Verdammt, er hasste diese Stimmen! Immer wieder suchten sie ihn auf, um ihn in Beschlag zu nehmen, um seine Aufmerksamkeit abzulenken, um ihm für kurze Zeit sein Bewusstsein zu rauben. Er haderte mit sich selbst. Gab es diese Stimmen wirklich oder waren sie nur ein Hirngespinst? Sein Hirngespinst? Er konnte sie nicht zum Schweigen bringen, nein, er konnte sie nicht einmal ignorieren. Verunsichert blickte er zu der einzigen Birke, die kerzengerade, mitten in den Kensington Gardens stand, bewegungslos wie eine Statue. Warum zeigte sich der starke Wind weder in ihren dicken Ästen noch in ihren dünnen Zweigen? Eigenartig, nicht die leiseste Brise war zu erkennen! Benu biss die Zähne zusammen. Ein kurzer, ganz kurzer Sprint und er hätte Tonis schwere Schritte eingeholt. Doch er konnte kaum gegen den Wind antreten. Erschöpfung, Müdigkeit und der Wunsch aufzugeben umspielten seinen Geist und seinen Körper. Er war nass geschwitzt, doch innerlich fühlte er sich eiskalt.
Tonis weite Trainingshose wurde von dem starken Gegenwind nach hinten geweht. Mit einem Windstoß befreite sich der Stoff von seiner Naht, die ihn gezwungen hatte, diese Form anzunehmen. Er umspielte die muskulösen Beine des Läufers und verwandelte sich in einen langen Rock. Benu kniff die Augen zusammen. Einen Rock? Doch das war noch nicht alles. Vor ihm rannte jetzt eine Person mit freiem Oberkörper. Aber der Oberkörper war viel zu dunkelhäutig! Viel zu klobig! Viel zu breit! Irgendetwas stimmte nicht. Was geschah mit ihm? Wen verfolgte er? Oder besser gesagt, wer lockte ihn fort von seinen Kollegen, hinein in die Einsamkeit? Die Gestalt vor ihm kam eindeutig aus einer anderen Zeit. Er sah es an ihrer Kleidung, an der Art, wie sie sich bewegte, und an dem Schmuck, den sie trug. Eigentlich musste Benu den Läufer nicht einmal einholen, um seine Herkunft zu erfahren. Es war eindeutig! Warum, warum wurde er immer wieder mit seinen ägyptischen Wurzeln konfrontiert?

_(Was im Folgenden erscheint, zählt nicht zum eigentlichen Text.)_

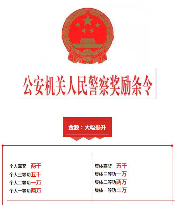 修订后的《公安机关人民警察奖励条令》已经公安部及人力资源社会保障部审议通过,自2016年1月1日起施行。
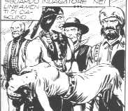 Non potevo permettere che la mia reputazione fosse macchiata da una simile infamia. Io, Zagor e Molnar, che aveva voluto a tutti costi essere presente, ci precipitammo immediatamente al loro inseguimento, buttandoci a capofitto attraverso i boschi, per tagliare la pista che si dipanava in numerosi tornanti. Unica speranza di raggiungerli senza cavalli.
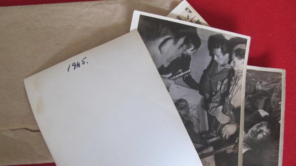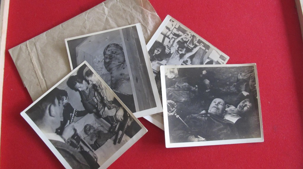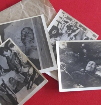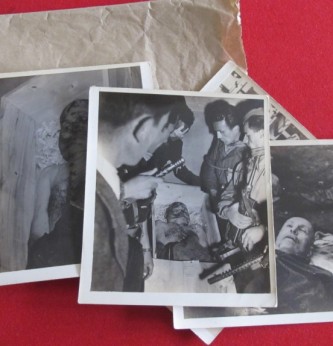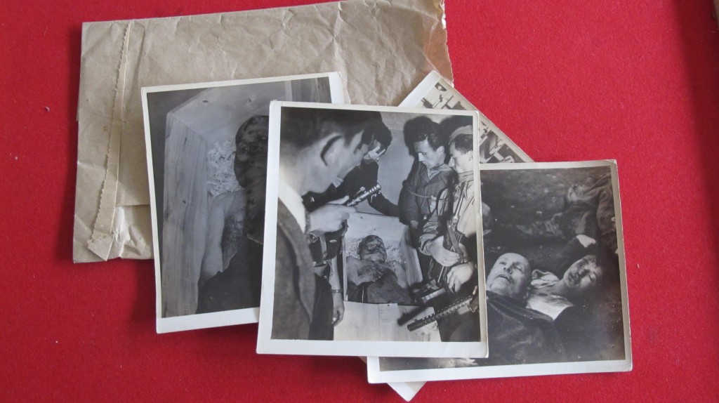 4 period photographs documenting the murder by Italian partisans of Mussolini and his girlfriend Clara Petacci . Thee four original snap shots taken in 1945 and still in the brown paper bag that the veteran brought them back home in. Shows them both strung up in the square in Milan. Also close photos of him laid out in his coffin after they were taken down. A unique set of photos of this gruesome event.
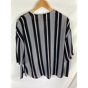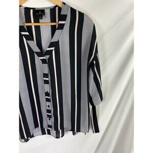 Worthington Stripe Button Up Half Sleeve Blouse Size Medium
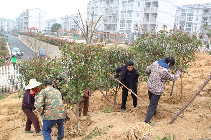 321,十字铺茶场组织机关干部和职工群众,集体到场部绿魁花园东区开展绿化家园完善提升行动,栽种香樟、红叶石楠等苗木100余株。
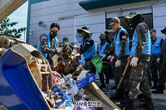 ¹«´õ¿î ³¯¾¾¿´Áö¸¸, µÎ ÆÈÀ» °È¾îºÙÀÎ À庴µéÀÇ ÀÇÁö´Â ¶ß°Å¿ü´Ù. ¹°ÀÌ µé¾îÂù ¸¶´ç¿¡ ½×ÀÎ ¾²·¹±â¸¦ ¼Õ¼ö Ä¡¿ü°í, ħ¼öµÈ Æó°¡ÀüÀº ¾ÈÀü¿¡ À¯ÀÇÇØ ÁßÀåºñ¸¦ µ¿¿øÇÏ¿© ó¸®Çß´Ù. Áý¾È±îÁö ¹Ð·Áµç ¹°Àº ¹è¼öÆßÇÁ¸¦ Ȱ¿ëÇØ ½Å¼ÓÈ÷ ¹èÃâÇÔÀ¸·Î½á ¿ø·¡ ¸ð½ÀÀ» µÇãµµ·Ï µµ¿Ô´Ù. Áö¿ª¹ÎÀÇ °¨»ç Àλ縦 µè´Â À庴µéÀÇ ¾ó±¼¿£ ¾î´À»õ ȯÇÑ ¿ôÀ½²ÉÀÌ ÇǾú´Ù.
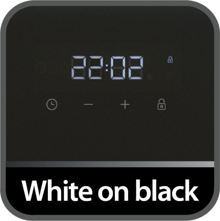 Přehledný a kontrastní LCD displej s dotykovými tlačítky a otočnými voliči pro snadnou a rychlou obsluhu (bílá čísla a symboly na černém pozadí).
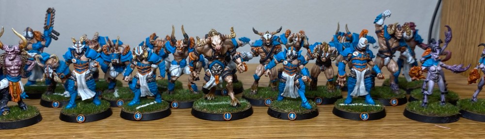 The beastmen painted relatively quickly due to them having little in the way of clothing.  The beastmen have a limited amount of hair which I started painting ‘normal’ colors until I had used them all up.  After that I switched to some garish colors as I figured a Slaanesh worshiping team would be all about being seen.  One enjoyable moment was when of the models fell off my holding paint pot and fell directly into my open wet pallet.  This was my first-time painting metal models and the weight of them was too much for my poster tack.  Thankfully, the model only got paint on its shoulder pads instead of the airbrushed skin.  The variety on this team is awesome.  Even with duplicated bodies there is enough head variety to make the team unique.  Speaking of heads, this team has a great variety of horns if you are into that kind of thing.  Here they all are finished up:
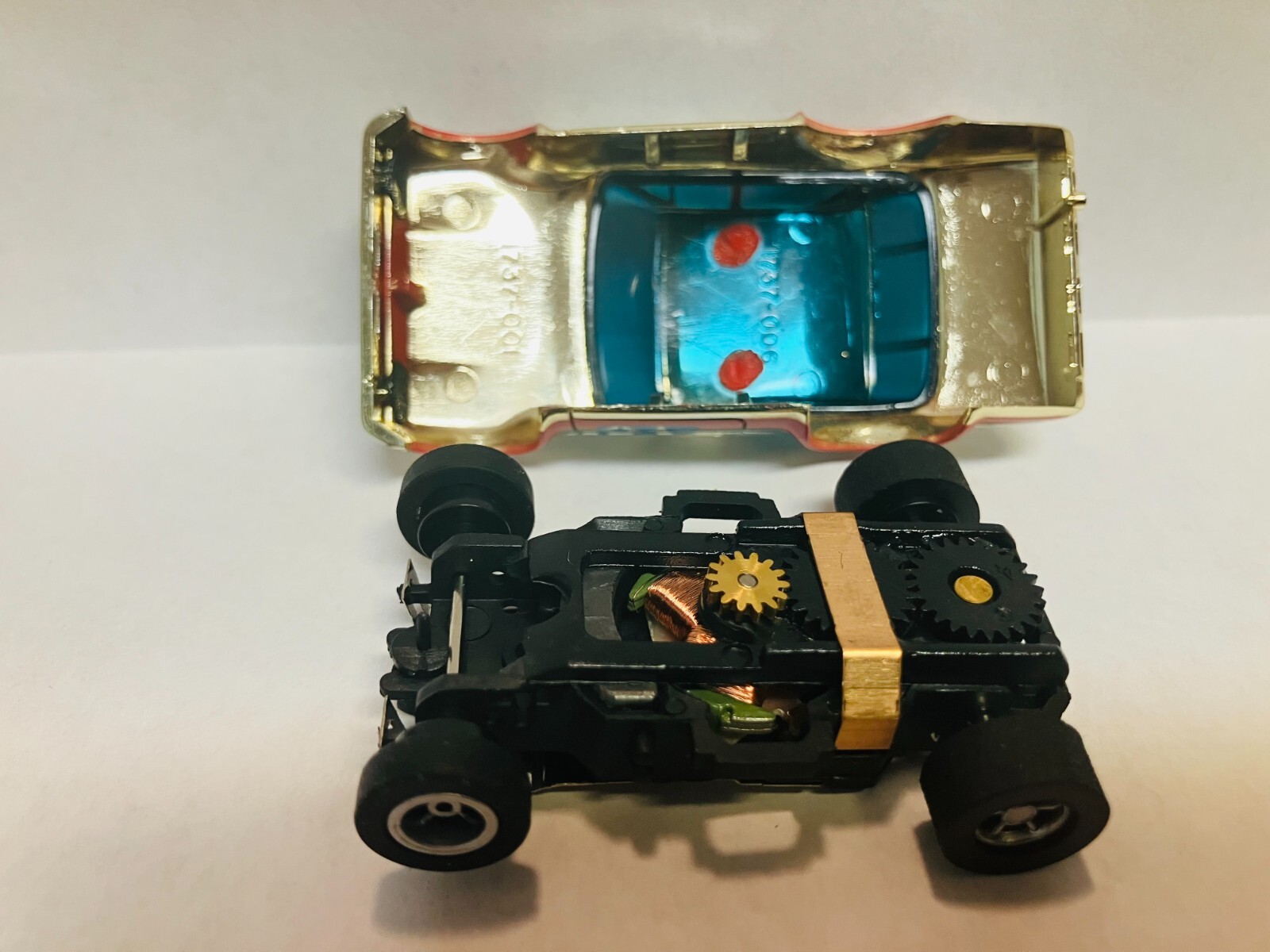 AFX RARE AURORA FORD ESCORT Gold Chrome AW Chassis display case NEW

Sie trieben doch tief, tief unter der Erde. Was wollte dieser Typ von ihm und wie hatte er ihn so in die Irre führen können? Benus Wut gab ihm genügend Kraft, um noch einmal zu beschleunigen. Doch noch bevor er neben den geheimnisvollen Läufer gelangte, drehte dieser seinen Kopf zu ihm: Ein kahlgeschorener Ägypter, dessen Augen aus zwei ausdruckslosen schwarzen Linsen bestanden, lächelte ihn an. Um seinen Hals baumelte das Auge des Horus.